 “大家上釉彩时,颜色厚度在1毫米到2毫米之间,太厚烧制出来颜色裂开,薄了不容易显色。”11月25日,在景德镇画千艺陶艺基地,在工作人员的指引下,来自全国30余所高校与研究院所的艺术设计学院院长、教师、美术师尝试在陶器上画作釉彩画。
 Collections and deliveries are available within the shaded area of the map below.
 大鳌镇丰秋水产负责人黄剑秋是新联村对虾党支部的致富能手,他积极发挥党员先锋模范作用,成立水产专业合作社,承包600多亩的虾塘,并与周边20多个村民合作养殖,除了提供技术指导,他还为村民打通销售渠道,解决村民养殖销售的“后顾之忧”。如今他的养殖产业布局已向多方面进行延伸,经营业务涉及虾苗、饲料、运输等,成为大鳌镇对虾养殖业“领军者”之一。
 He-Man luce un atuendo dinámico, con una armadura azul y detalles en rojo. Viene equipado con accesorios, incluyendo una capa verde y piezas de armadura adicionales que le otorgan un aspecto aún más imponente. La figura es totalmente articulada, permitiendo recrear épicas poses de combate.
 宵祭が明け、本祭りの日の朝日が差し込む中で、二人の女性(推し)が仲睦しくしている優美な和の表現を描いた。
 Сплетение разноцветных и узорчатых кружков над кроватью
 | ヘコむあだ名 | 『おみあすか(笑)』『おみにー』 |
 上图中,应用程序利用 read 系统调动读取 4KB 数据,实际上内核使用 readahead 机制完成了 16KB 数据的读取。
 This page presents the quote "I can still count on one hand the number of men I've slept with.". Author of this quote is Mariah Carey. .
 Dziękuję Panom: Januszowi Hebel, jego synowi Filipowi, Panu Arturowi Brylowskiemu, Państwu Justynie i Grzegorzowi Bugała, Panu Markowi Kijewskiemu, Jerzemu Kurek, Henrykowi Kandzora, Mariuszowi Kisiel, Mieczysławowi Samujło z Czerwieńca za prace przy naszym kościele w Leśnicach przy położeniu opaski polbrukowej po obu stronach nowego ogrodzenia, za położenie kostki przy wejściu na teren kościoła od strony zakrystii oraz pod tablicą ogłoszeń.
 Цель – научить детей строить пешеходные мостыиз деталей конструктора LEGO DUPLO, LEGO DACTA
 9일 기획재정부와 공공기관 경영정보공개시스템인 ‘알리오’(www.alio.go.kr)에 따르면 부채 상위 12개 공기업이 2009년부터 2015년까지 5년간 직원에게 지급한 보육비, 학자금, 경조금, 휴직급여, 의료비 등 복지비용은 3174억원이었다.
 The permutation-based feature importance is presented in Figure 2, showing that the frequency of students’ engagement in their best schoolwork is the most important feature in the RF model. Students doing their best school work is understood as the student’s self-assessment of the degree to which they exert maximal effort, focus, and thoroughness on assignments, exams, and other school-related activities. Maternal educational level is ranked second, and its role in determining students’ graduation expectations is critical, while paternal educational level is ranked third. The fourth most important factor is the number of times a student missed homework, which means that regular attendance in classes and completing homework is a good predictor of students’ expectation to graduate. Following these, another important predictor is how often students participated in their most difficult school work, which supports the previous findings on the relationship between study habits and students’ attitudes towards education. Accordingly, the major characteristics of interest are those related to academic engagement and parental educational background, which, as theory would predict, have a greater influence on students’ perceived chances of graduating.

* * *

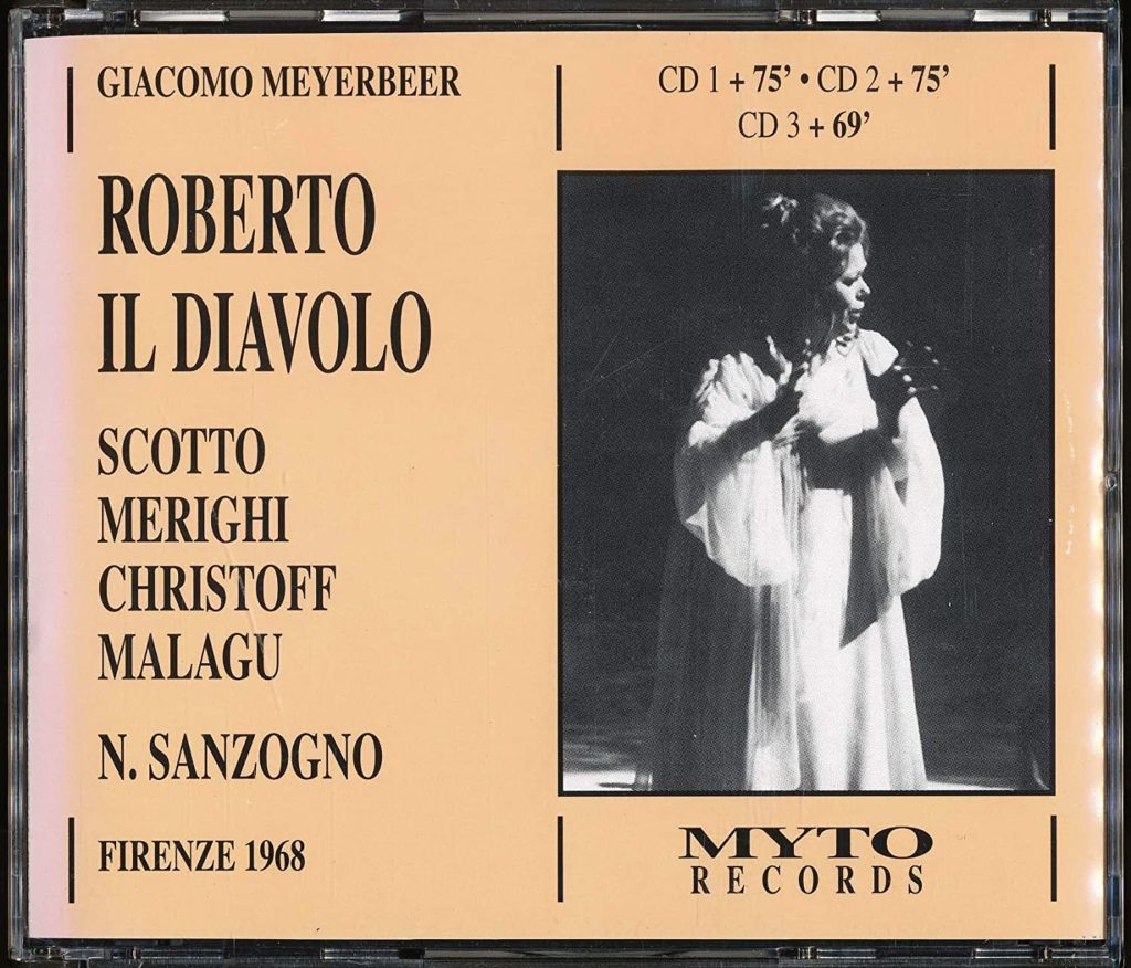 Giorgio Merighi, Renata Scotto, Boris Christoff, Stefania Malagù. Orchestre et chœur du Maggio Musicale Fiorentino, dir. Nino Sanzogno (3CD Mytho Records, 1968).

* * *

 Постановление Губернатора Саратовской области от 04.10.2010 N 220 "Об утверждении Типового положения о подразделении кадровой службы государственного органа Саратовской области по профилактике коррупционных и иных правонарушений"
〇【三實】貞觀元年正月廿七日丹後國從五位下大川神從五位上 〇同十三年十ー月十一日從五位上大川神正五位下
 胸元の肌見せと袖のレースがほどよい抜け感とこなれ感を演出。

* * *

What you will do: Using the data above, extract exactly the lines from the one that holds "He-Man luce un" to the one that holds "ヘコむあだ名 | 『おみあすか(笑)』『おみにー』 |", both ends included, and no others.

Answer to this exercise:
 He-Man luce un atuendo dinámico, con una armadura azul y detalles en rojo. Viene equipado con accesorios, incluyendo una capa verde y piezas de armadura adicionales que le otorgan un aspecto aún más imponente. La figura es totalmente articulada, permitiendo recrear épicas poses de combate.
 宵祭が明け、本祭りの日の朝日が差し込む中で、二人の女性(推し)が仲睦しくしている優美な和の表現を描いた。
 Сплетение разноцветных и узорчатых кружков над кроватью
 | ヘコむあだ名 | 『おみあすか(笑)』『おみにー』 |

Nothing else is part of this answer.